A multi-stage compiler for a subset of C, targeting x86-64 assembly (AT&T syntax), written in C++17.
Built from scratch with zero parser-generator dependencies — hand-written recursive-descent parser, 3-address IR with CFG-based optimizations, linear-scan register allocation with spilling, GDB-compatible DWARF debug info, and a symbol-table-driven linker helper for multi-file compilation.
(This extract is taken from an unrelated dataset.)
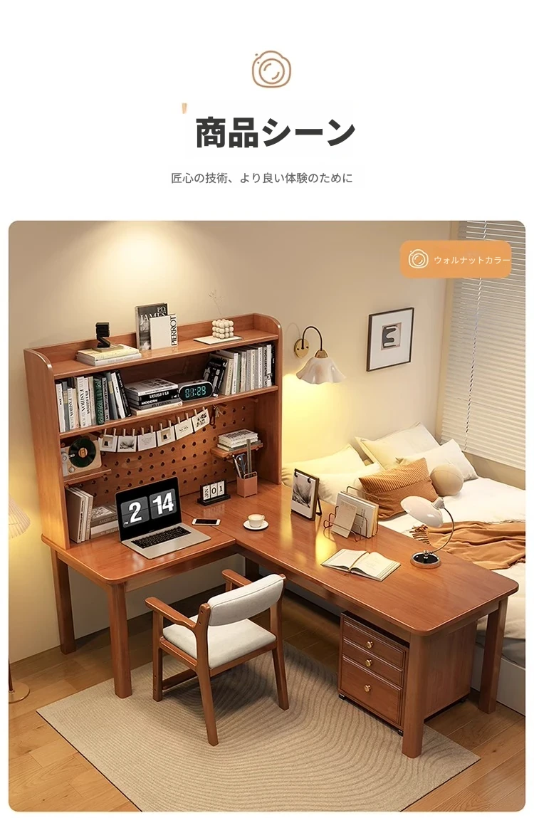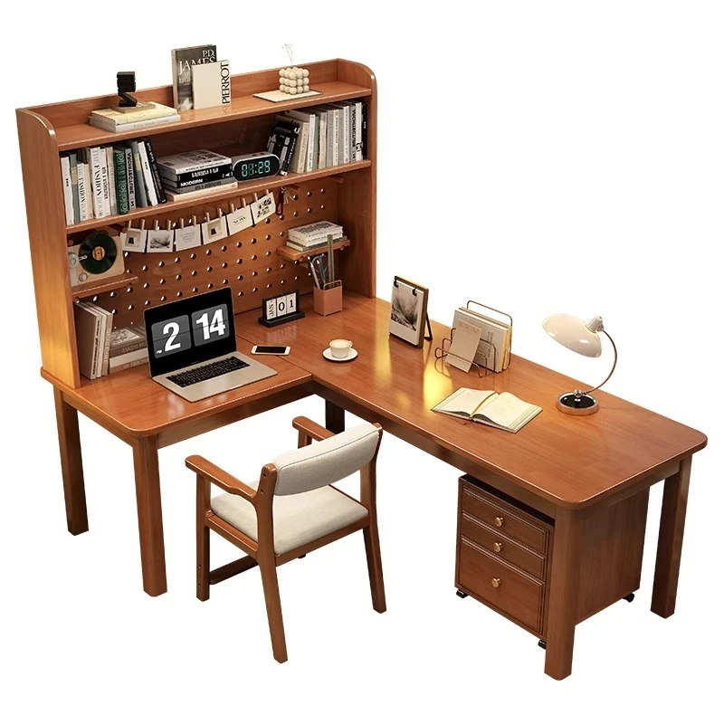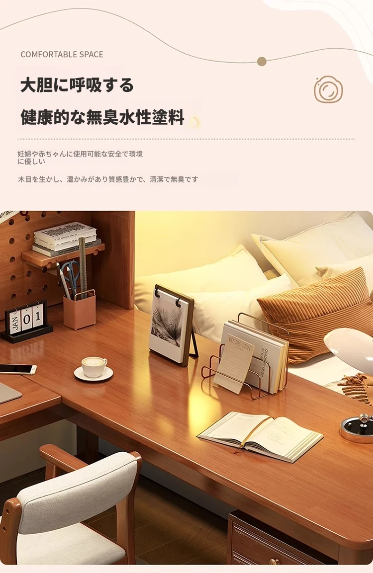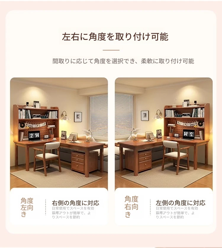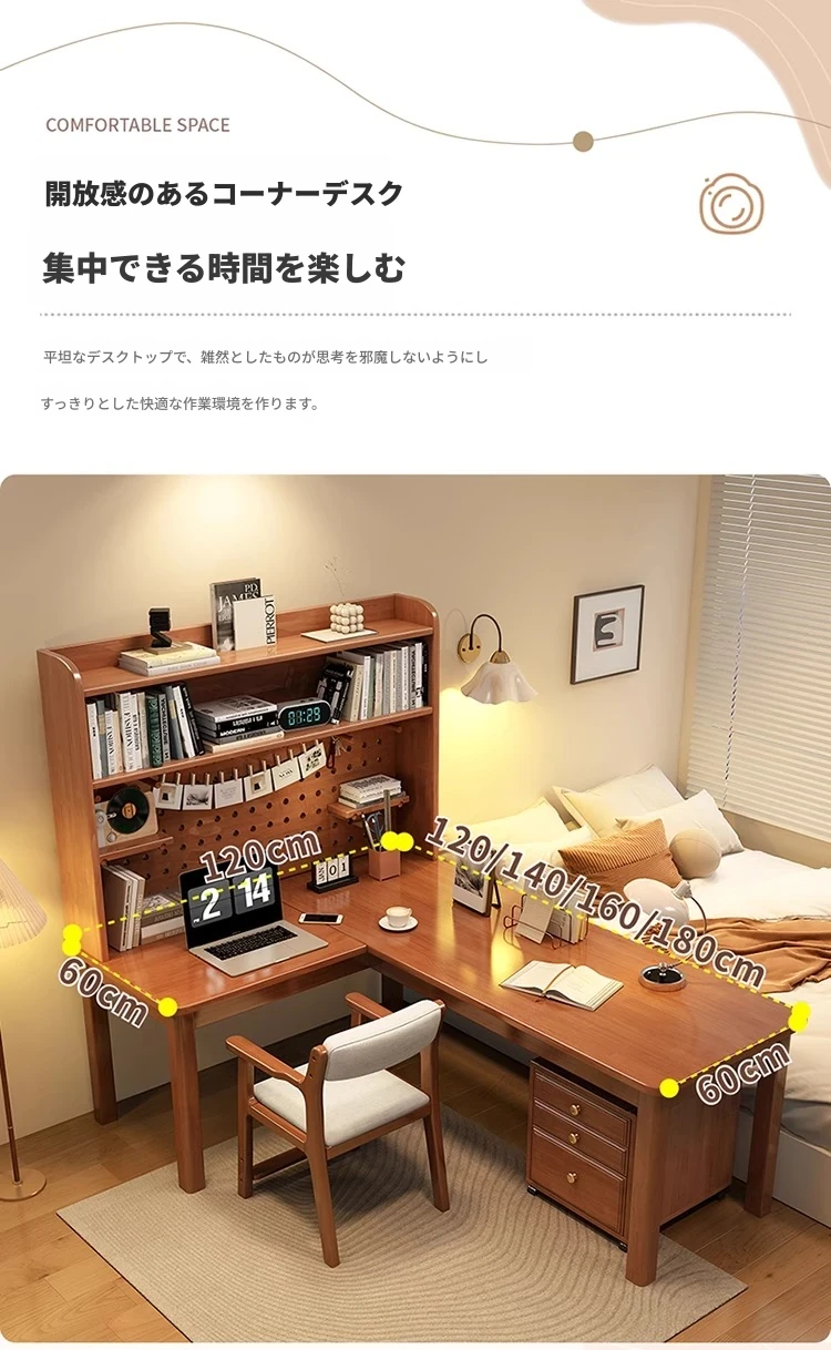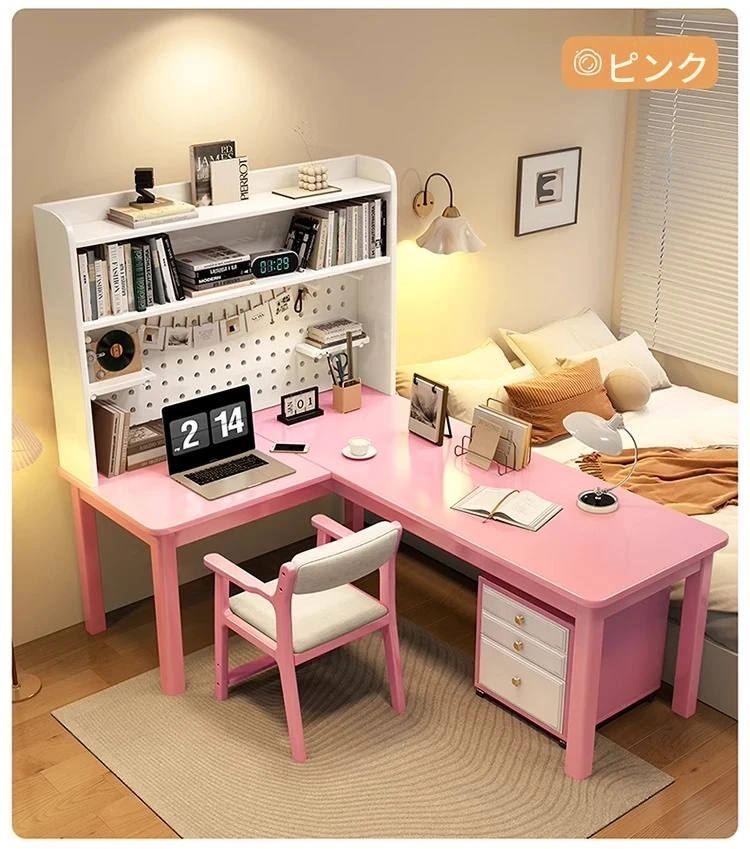 玉菲実木L型コーナーデスク&書架一体型 - 穴あきボード付き、オフィスでも家庭でも使える理想的なスタンドアップデスク!おしゃれで機能的、勉強や仕事に最適な角型パソコンデスク。

┌─────────────────────────────────────────────────────────────────┐
│ MiniC Compiler Pipeline │
├─────────────────────────────────────────────────────────────────┤
│ │
│ ┌─────────┐ ┌────────┐ ┌─────┐ ┌──────────────────┐ │
│ │ Source │───▶│ Lexer │───▶│Tokens│───▶│ Parser |
│ │ (.mc) │ │ │ │ │ │ (Recursive │ │
│ └─────────┘ └────────┘ └─────┘ │ Descent + Pratt)│ │
│ └────────┬─────────┘ │
│ │ │
│ ▼ │
│ ┌──────────┐ │
│ │ AST │ │
│ └────┬─────┘ │
│ │ │
│ ▼ │
│ ┌────────────────┐ │
│ │ Semantic │ │
│ │ Analysis │ │
│ │ (Type Check, │ │
│ │ Scope Resolve)│ │
│ └───────┬────────┘ │
│ │ │
│ ▼ │
│ ┌─────────────────┐ │
│ │ IR Generation │ │
│ │ (AST → TAC) │ │
│ └───────┬─────────┘ │
│ │ │
│ ▼ │
│ ┌──────────────────┐ │
│ │ CFG Construction │ │
│ │ (Basic Blocks) │ │
│ └───────┬──────────┘ │
│ │ │
│ ▼ │
│ ┌────────────────────────┐ │
│ │ Optimization Passes │ │
│ │ ┌──────────────────┐ │ │
│ │ │ Constant Folding │ │ │
│ │ ├──────────────────┤ │ │
│ │ │ Copy Propagation │ │ │
│ │ ├──────────────────┤ │ │
│ │ │ Dead Code Elim. │ │ │
│ │ └──────────────────┘ │ │
│ └───────────┬────────────┘ │
│ │ │
│ ┌────────────────┼────────────────┐│
│ ▼ ▼ ▼│
│ ┌──────────────┐ ┌──────────────┐ ┌───────┐│
│ │ Register │ │ DWARF Debug │ │Linker ││
│ │ Allocator │ │ Info Emitter │ │Helper ││
│ │ (Linear Scan │ │ (.debug_info │ │(Multi ││
│ │ + Spilling) │ │ .debug_line)│ │ TU) ││
│ └──────┬───────┘ └──────┬───────┘ └───┬───┘│
│ │ │ │ │
│ ▼ │ │ │
│ ┌──────────────┐ │ │ │
│ │ x86-64 Code │◀────────┘ │ |
│ │ Emitter │ │ │
│ │ (AT&T .s) │◀────────────────────────┘ │
│ └──────┬───────┘ │
│ │ │
│ ▼ │
│ ┌──────────────┐ │
│ │ Assembly │ │
│ │ Output (.s) │ │
│ └──────────────┘ │
│ │
└──────────────────────────────────────────────────────────────────┘
- Hand-written recursive-descent parser (no ANTLR/Bison/Flex)
- Pratt parsing for operator precedence (clean, extensible expression handling)
- Full AST construction with 20+ node types
- Supports: variable declarations, assignments, arithmetic, conditionals (
if/else), loops (while/for), functions with parameters and return values, pointer arithmetic, arrays
- Type checking (
int,char, pointer types of arbitrary depth) - Scope resolution using a stack-of-maps symbol table (nested scopes, block-level scoping)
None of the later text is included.